DELIVERED BY C. H. SPURGEON,
AT THE METROPOLITAN TABERNACLE, NEWINGTON, ON LORD'S-DAY EVENING, JUNE 27, 1868.
"And if your hand offends you, cut it off." Mark 9:43.
SALVATION is by faith in the Lord Jesus Christ. It is not of works, neither can it be procured by human merit. It is the free gift of God through the atoning Sacrifice of Christ to every soul that believes. But what is salvation? Salvation is, in short, deliverance from sin, deliverance from the guilt of it, from the punishment of it, from the power of it. If, then, any man is saved, he is delivered from the reigning power of sin. It is not possible, therefore, that any man should have salvation and yet continue in the indulgence of sin. Jesus Christ came to open a hospital for sin-sick souls, not that they might remain sick in a hospital but might go out of it healed. He came not to take men to Heaven with their sins about them, but to purge them from their sins and so make them fit to enter Heaven! Hence, Jesus Christ is the severest of all moralists and while He and His followers denounce all trust for salvation in merit, they equally declare that no man is a saved soul who tolerates any known sin. All the Gospel declares this. In all its parts it implies this and that man cannot and ought not to consider himself to be saved and cannot truly be said to be saved while he lives in the indulgence of evil propensities as he did before. We shall not at all, therefore, come into conflict with the Doctrines of Grace while we preach to you the strongest claims of Christ upon our hearts and lives through His Word. We shall have to urge upon you the most strenuous giving up of sin and that which leads to sin—but this, not as a means of salvation—but as a result of faith and as an evidence that salvation is truly possessed—as the sign and token, the proof and the earnest of the good work of the Holy Spirit within the soul. We shall begin, therefore, with this short assertion which will serve as our first point of thought—
I. EVERYTHING WHICH OFFENDS GOD OUGHT TO OFFEND US.

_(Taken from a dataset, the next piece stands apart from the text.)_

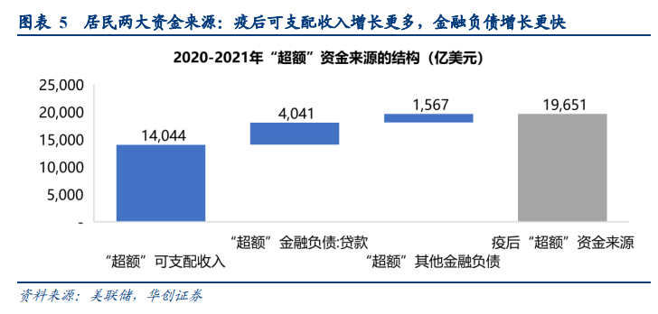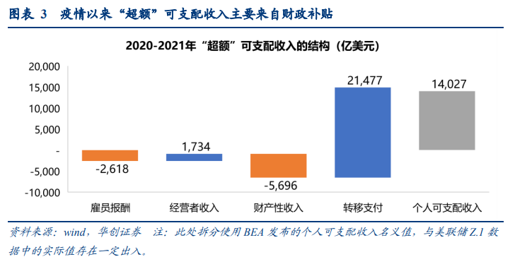 因此合计来看,疫情以来(2020-2021年),居民的资金来源相较历史趋势值合计多增近2万亿美元,其中“超额”可支配收入1.4万亿美元(疫情前每年可支配收入约16万亿美元,年平均增长4%),“超额”金融贷款4000亿美元(疫情前每年金融贷款约5100亿美元,年平均增长25%);1.4万亿美元的超额可支配收入中,2.1万亿美元来自财政补贴,几乎是疫后“超额”可支配收入的全部来源;而疫情前的可支配收入中70%则来自雇员报酬。

You notice the text says, "If your hand offends you." We might read it, "Makes you to offend God." The two expressions ought, in our experience, mean the same thing, for everything which offends God does offend every truly gracious heart. That short statement will serve as a touchstone for us all to know whether we are reconciled to God or not. Remember, if you truly love God, it must be so—that that which is hateful to Him will be hateful to you. Where two hearts are bound together in the bonds of love, they are quite sure to endeavor to remove everything out of the way that would cause pain to either. You cannot love me if you favor my enemies. You can have no affection for me if you delight to thrust before me that which vexes my spirit and grieves my heart. True love feels a sympathy with the person loved and learns to put away that which is obnoxious. Now say, Heart, do you put away from yourself that which God hates? Do you hate it because He hates it—not so much because your fellow Christians dislike it, or because the public judgment would go against it—but do you hate evil because it is detestable in the sight of God? If so, then you have a clear mark that you love God and you should be thankful for the Divine Grace which has put your heart into such a state.
Again, if that which offends God offends us, then we may congratulate ourselves that there is some degree of conformity between God and us. All the saints are to be made like unto God. It was in God's image that man was first made— he lost that image by his sin—but that image is to be restored by the work of the Holy Spirit. If you do, even now, in your soul war against that which God loathes—if you strive and cry after that which God loves—then there is between God and you some degree of likeness. You are like He in your hatred of evil—like, not in degree, but yet still in substance. You are like God in your love towards that which is lovely and good and pure—not like He in degree, I say again, yet still in the matter of fact there is some likeness between God and your soul.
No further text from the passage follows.